What you are asked to do ▸ From the line that contains "Discover three delicious" to the end of the entries, copy each line exactly, though the pictures stay out.

The data ▸
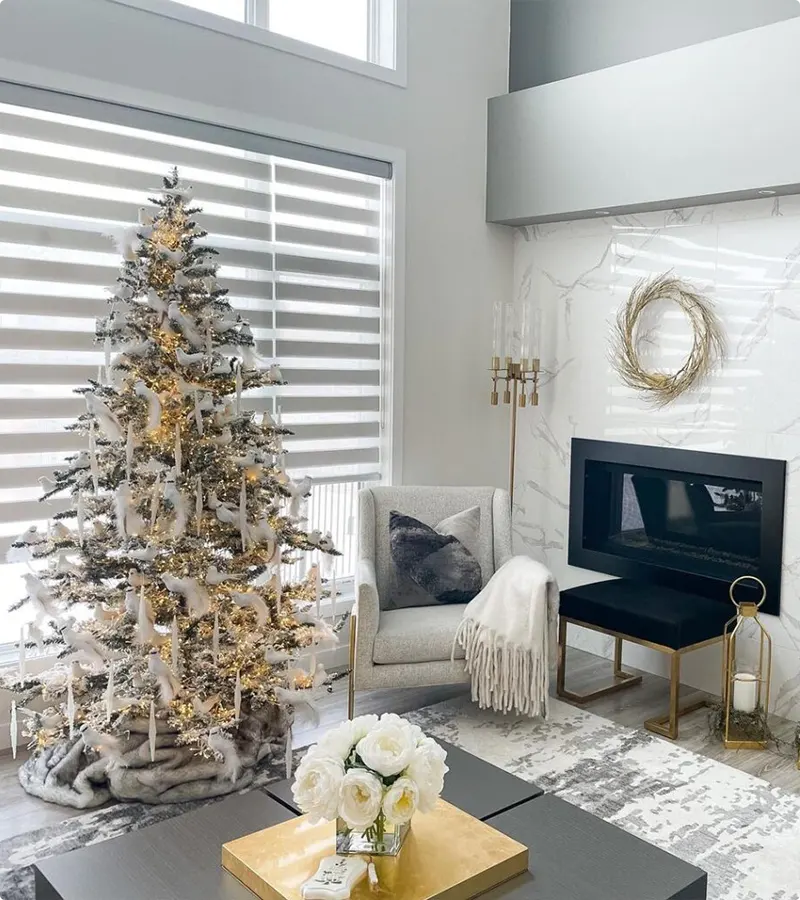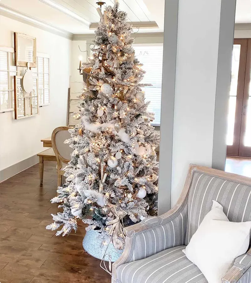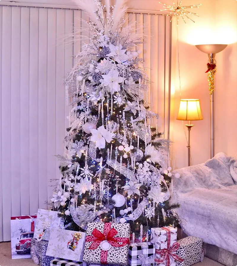 White Christmas decorations use colors like white, silver, and light gold to make your home look like snow! They help make everything feel calm, pretty, and bright for the holidays.
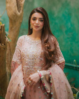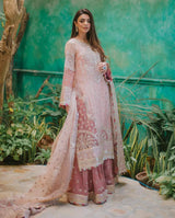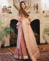 Introducing the exquisite 'Arezoo' ensemble in the enchanting shade of Rose Milk Pink. This ethereal creation features an organza embroidered-embellished shirt with a dark pink hem patch, accentuated by an embroidered-embellished satin silk hem border adorned with twin sequins. The sleeves are a work of art in themselves, showcasing two different organza patches and satin silk border, beautifully embroidered and embellished.The ensemble is elegantly completed with an organza dupatta, featuring two distinct pallus – one in darker pink organza and the other adorned with intricate embroidery on satin silk, along with an alluring four-sided border. The matching gharara, designed in organza with a satin silk finishing border, adds a touch of sophistication and grace to this breathtaking 'Arezoo' ensemble. A perfect choice for brides seeking timeless beauty and sheer elegance.
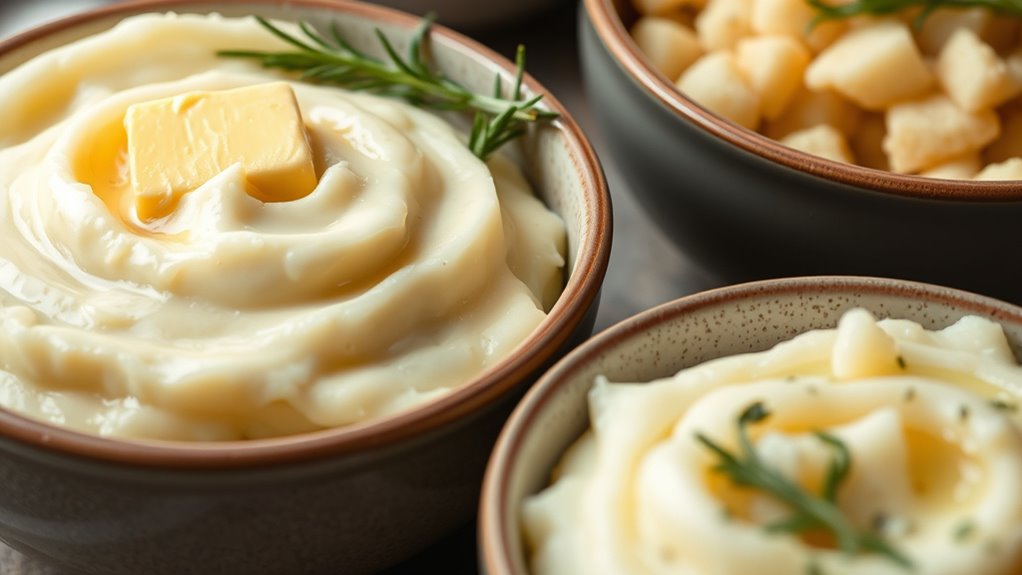 Discover three delicious mashed potato styles to suit any preference. For a classic version, use starchy potatoes like Russets or Yukon Golds paired with butter, cream, salt, and pepper for a silky texture. For a rustic approach, opt for chunkier potatoes like red or Yukon Golds, adding roasted garlic or bacon for extra flavor. To make it dairy-free, select sweet potatoes or Yukon Golds, then incorporate plant-based milks, herbs, and spices. Keep exploring for tips to perfect each variation.
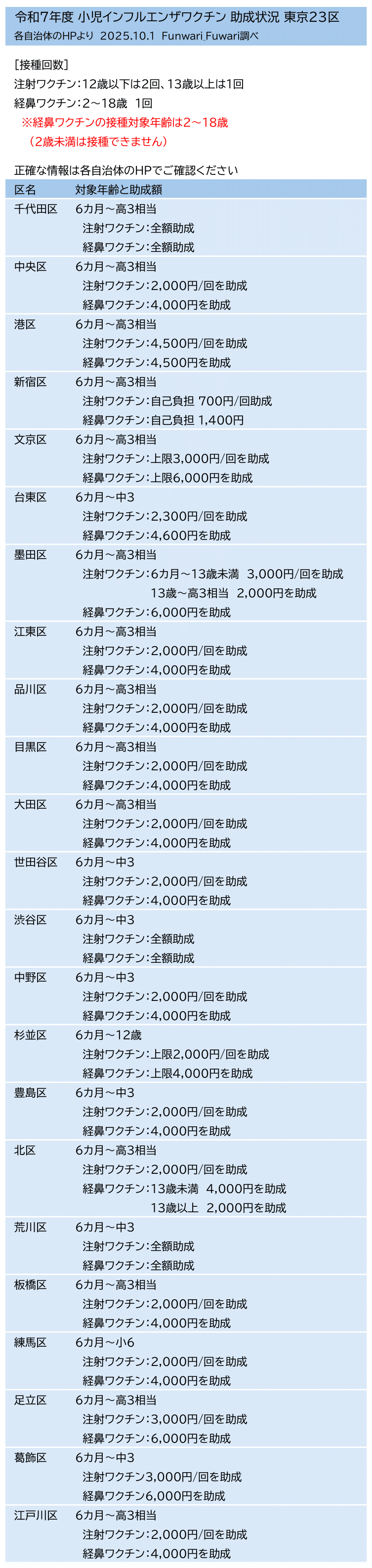 2025.10.1時点 Funwari_Fuwari調べ東京23区
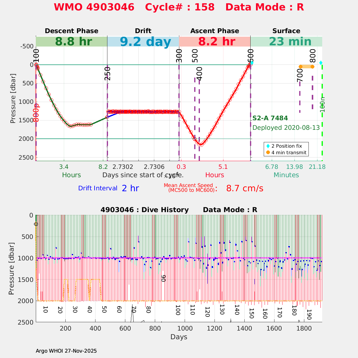 Argo WMO 4903046 : Plots based on NetCDF data files at the GDAC

Exercise output ▸
 Discover three delicious mashed potato styles to suit any preference. For a classic version, use starchy potatoes like Russets or Yukon Golds paired with butter, cream, salt, and pepper for a silky texture. For a rustic approach, opt for chunkier potatoes like red or Yukon Golds, adding roasted garlic or bacon for extra flavor. To make it dairy-free, select sweet potatoes or Yukon Golds, then incorporate plant-based milks, herbs, and spices. Keep exploring for tips to perfect each variation.
 2025.10.1時点 Funwari_Fuwari調べ東京23区
 Argo WMO 4903046 : Plots based on NetCDF data files at the GDAC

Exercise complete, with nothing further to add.